The homeless response system is already under-resourced. Simply changing definitions and eligibility to define more people as “homeless” only adds to the need without adding any more resources to help. It would be like building a larger hospital emergency room without adding the resources to help people maintain good health through adequate primary care. Moreover, it would be like telling the emergency room to serve patients on a “first come, first served” basis – regardless of acuity and severity of their health issue – rather than assisting those with life-threating injuries before attending to less urgent complaints.
Expanding the definition of homelessness is not an answer, and will not help our families living paycheck to paycheck. We do not want more people entering into our emergency shelter system – any more than we want more people presenting at emergency rooms instead of seeking appropriate primary care. We want more Connecticut residents in stable housing they can afford, in the communities where they work.
Low wage workers, ALICE workers, are essential to the viability of our workplaces and the success our state. We cannot continue to ask our ALICE households to choose between food for their families, care for their children, and a place to call home. At this time when so many more households in our state are facing job loss and a decline in income on top of those already experiencing homelessness and housing challenges, it has never been more important for Connecticut to have both adequate investments in emergency shelter assistance and permanent housing.
Securing adequate investments in housing assistance is something that our state cannot do alone. Connecticut already spends a relatively greater share of its state budget on rental assistance than many states and our current budget situation remains bleak. Funding for housing and rental assistance has traditionally been a federal responsibility, but one that has seen declining investments relative to need in the last few decades. Connecticut needs the federal government to significantly step up the level of resources for homeless response and affordable housing.

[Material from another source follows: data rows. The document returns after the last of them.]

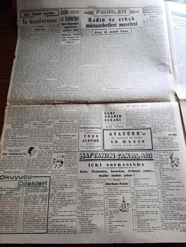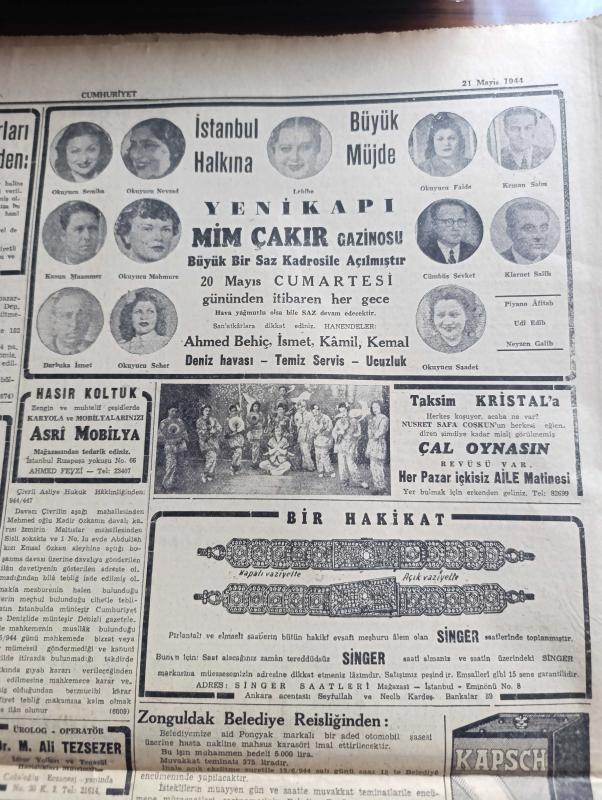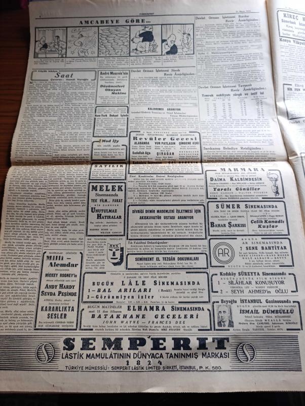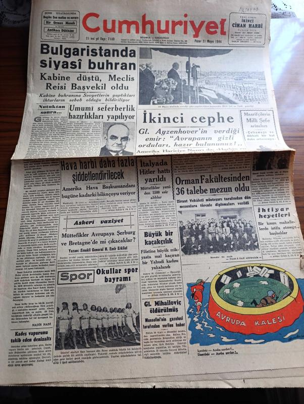 Cumhuriyet Gazetesi - 21 Mayıs 1944 - nutuk'tan sonra yazan Nadir Nadi Başmakale - Bulgaristan'da siyasi buhran kabine düştü meclis reisi başvekil oldu - 19 Mayıs stadında evvelki gün yapılan tören esnasında Milli Şef İsmet İnönü ve Türk gençliği fotoğraf - İtalya'da Hitler hattı yarıldı - hava harbi daha fazla şiddetlendirilecek - orman fakültesinden 36 talebe mezun oldu - maarifçilerin Milli şefe arizaları - okullar Spor Bayramı - Filistin'e büyük miktarda mal kaçıran bir Yahudi kadını yakalandı - Mussolinin gazetesi tarafından verilen haber General Mihailoviç öldürülmüş - haftanın şakaları yazan Burhan Felek - Dolmabahçe stadı - sokaktan Gelen Kadın yazan Esat Mahmut Karakurt Yazı dizisi - Stalin Yugoslav heyetini kabul etti - Bahar şarkısı ve Çelik kanatlı kuşlar filmi Sümer sinemasında - 7 sene Bahtiyar filmi bugün Ar sinemasında - İsmail dümbüllü Beyoğlu İstanbul Gazinosu'nda - çal oynasın revüsü Taksim Kristal'de - Ticaret borsası tellalı Şerafettin Gülsöyle - radyo programı adlı eser, Kitap > Süreli Yayınlar > Gazeteler > Türkiye > Genel > Günlük kategorisinde İkinci El olarak satıştadır.
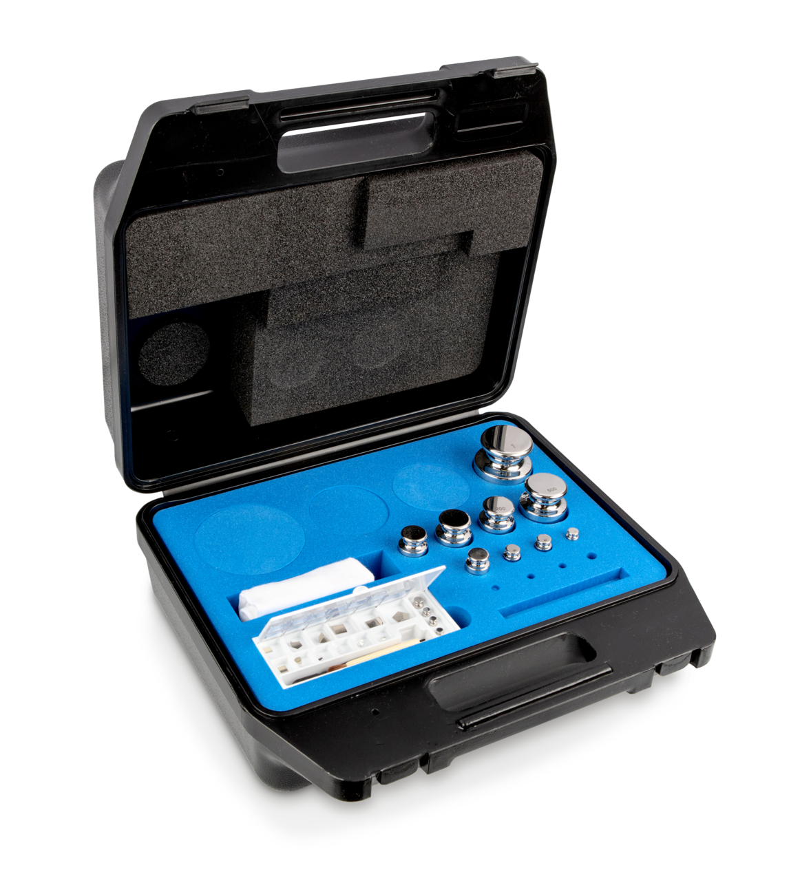 Gewichtsatz 323-064 (OIML-Klasse F1, Nennwert 1 mg – 1 kg, Knopf, Edelstahl poliert, im Kunststoffkoffer)
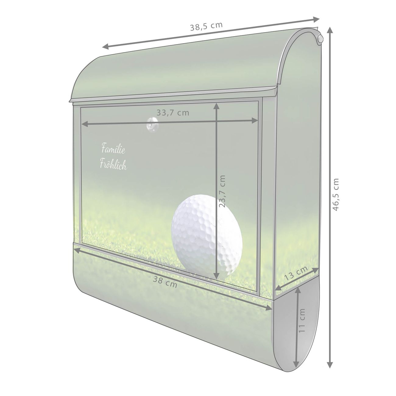 Der banjado Standbriefkasten mit Motiv Motiv Einsamer Golfball kombiniert großzügigen Stauraum mit modernem Design. Durch das geräumige Fach finden auch große A4-Sendungen problemlos Platz. Die integrierte Zeitungsrolle sorgt dafür, dass Tageszeitungen und Magazine separat und griffbereit untergebracht sind. Der pulverbeschichtete Standfuß ist farblich passend zum Briefkasten gestaltet und sorgt für ein stimmiges Gesamtbild. Mit dem individuellen Motiv setzen Sie einen optischen Akzent, der sowohl praktisch als auch dekorativ ist.
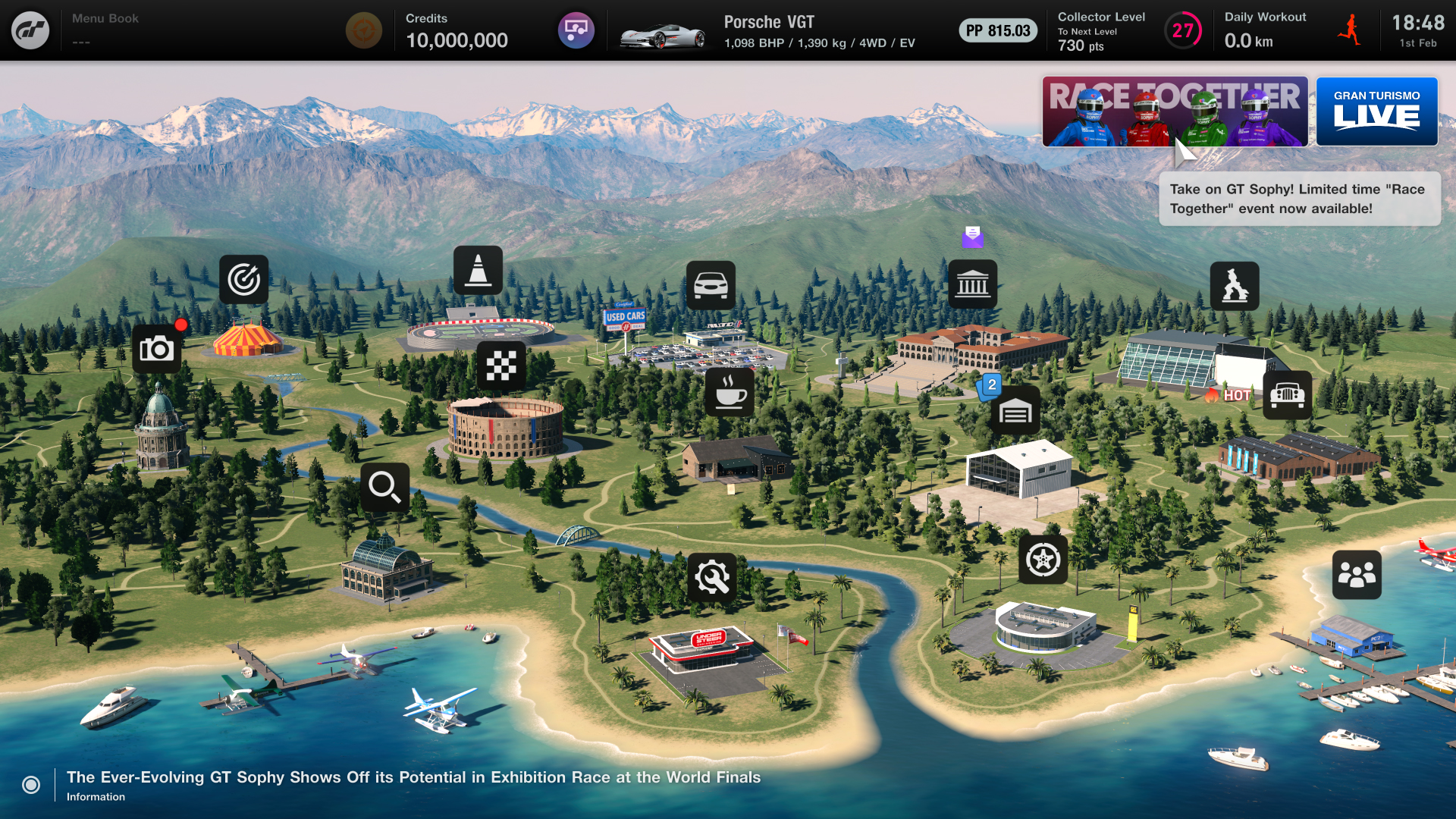 "Race Together" is a limited time event that will be available until late March. Here, players of all skill levels can experience racing against Gran Turismo Sophy (GT Sophy), an AI racing agent developed in collaboration by Sony AI, Sony Interactive Entertainment, and Polyphony Digital. This game mode can be accessed from the banner at the top right of the World Map during the event period. Please note that the feature is available only on the PS5™ console version of the game and is unlocked after reaching Collector Level 6.
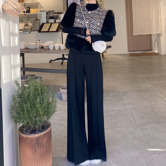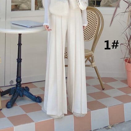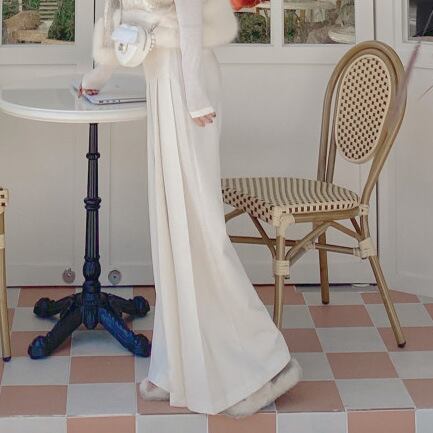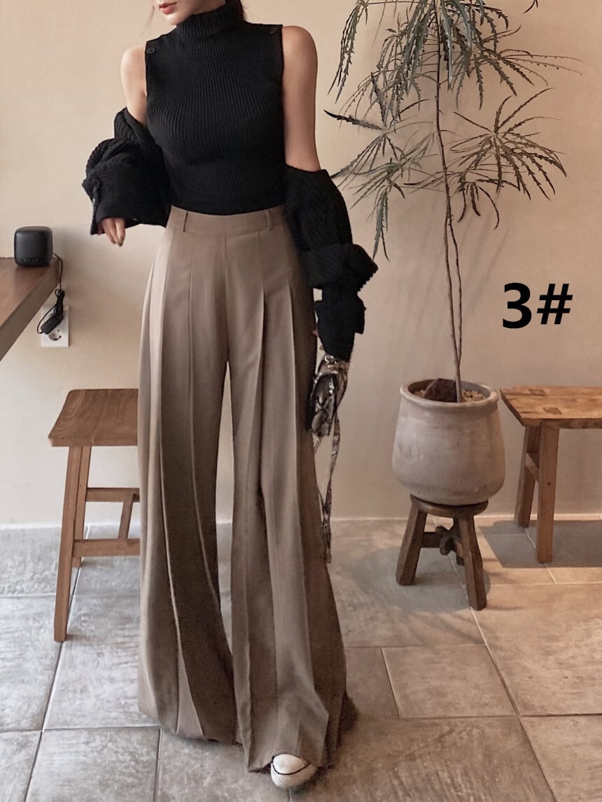 美しいシルエットが魅力のワイドパンツ。
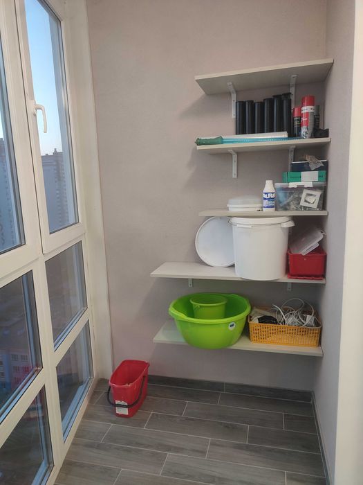 Є великий панорамний балкон з поличками для зберігання речей, вихід з кухні.
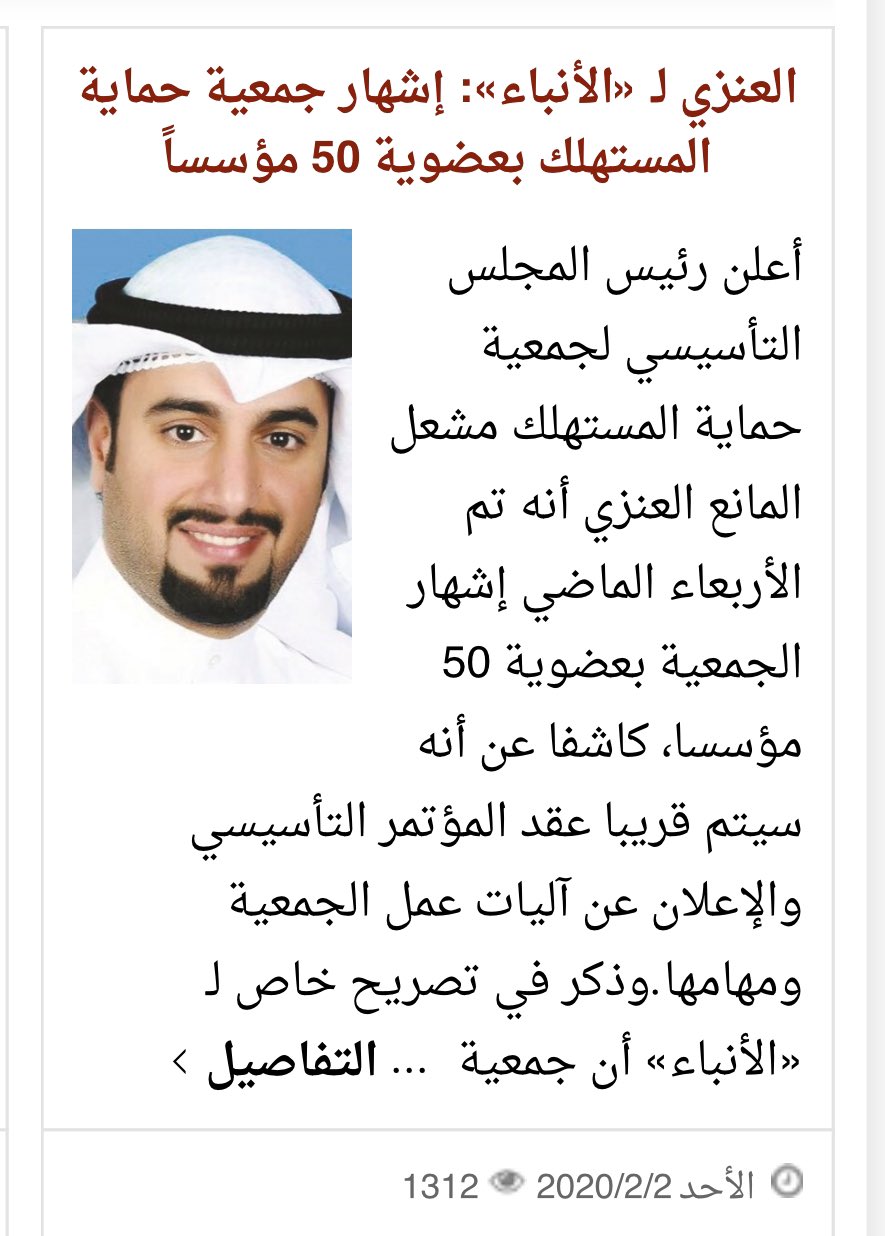 جمعية حماية المستهلك On Twitter رئيس المجلس التأسيسي لـ جمعية حماية المستهلك سيتم قريبا عقد المؤتمر التأسيسي والإعلان عن آلية عمل الجمعية الكويت Https T Co 4xpw8ub4qq
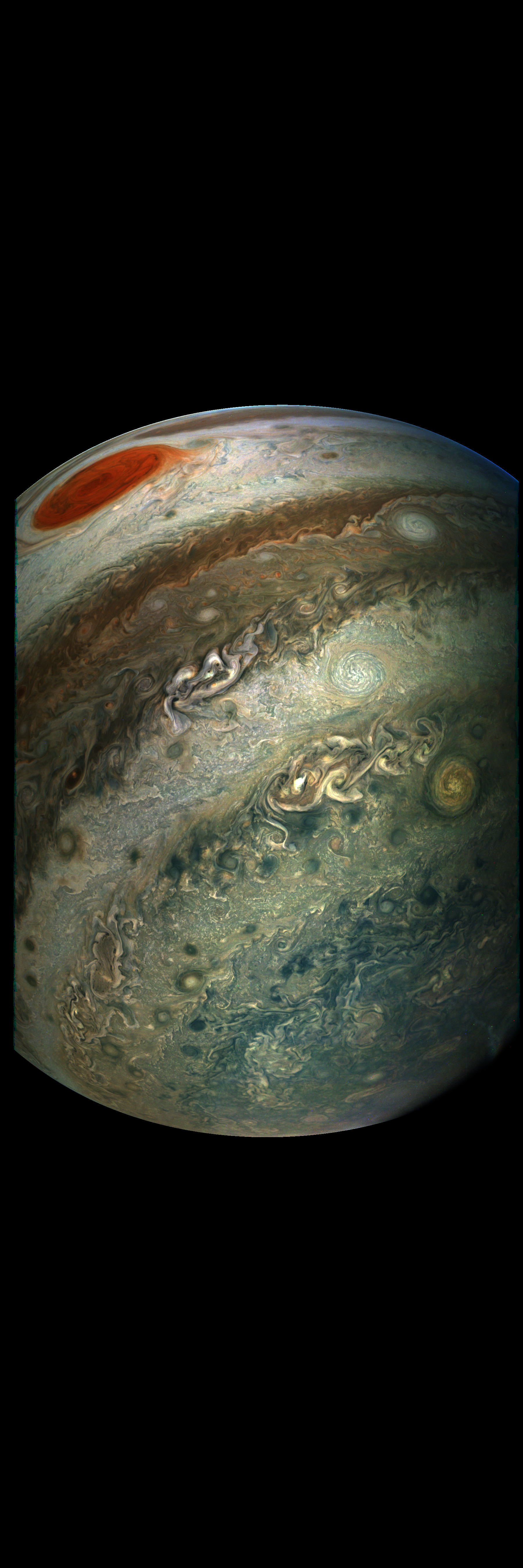 JunoCam took this image during its Perijove-12 pass on 2018-04-01. It is derived directly from the raw image.
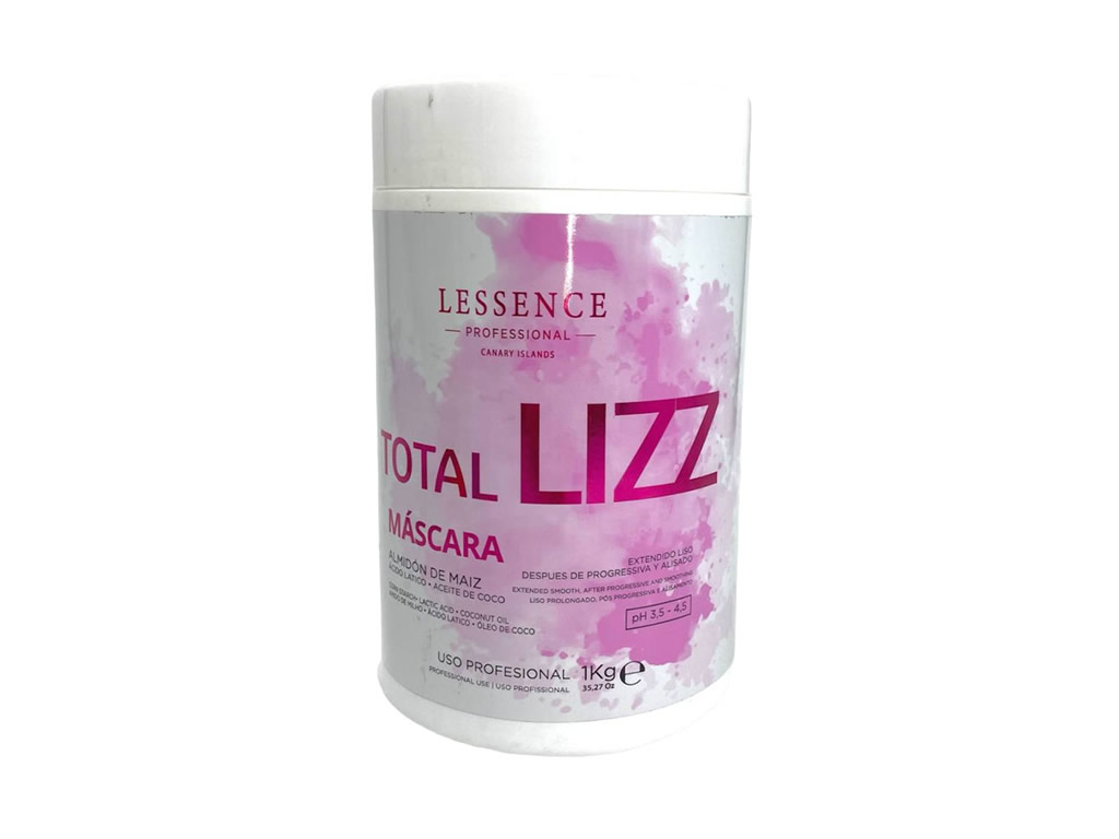 Promove um efeito liso total com amido de milho, ácido lático e óleo de coco, que faz com que o Total Liss repare e fortaleça toda a região danificada do cabelo.

In the near term, we need Congress to pass a COVID-19 Relief Package that includes additional resources for housing security and upstream supports to prevent homelessness and support those facing severe housing cost burdens.
Recently, the House of Representatives voted to approve the revised Heroes Act stimulus bill. Included in this bill is more than $59 billion in rent relief and other housing services. We also need to protect and expand the National Housing Trust Fund, which provides resources to states to expand and preserve their stock of affordable housing. And we need a larger, permanent commitment of federal resources to support the cost of rent for families across our nation who are working as hard as they can at the jobs available to them, and cannot make ends meet.
We urge Congress to fight to keep additional housing resources – starting with the Heroes Act. We urge Connecticut voters to make their voices heard on this important issue at the polls on November 3.
Lisa Tepper Bates is the President and CEO of the United Way of Connecticut and Richard Cho is the CEO of the Connecticut Coalition to End Homelessness. Between them, they have 30+ years of experience working in housing and homelessness.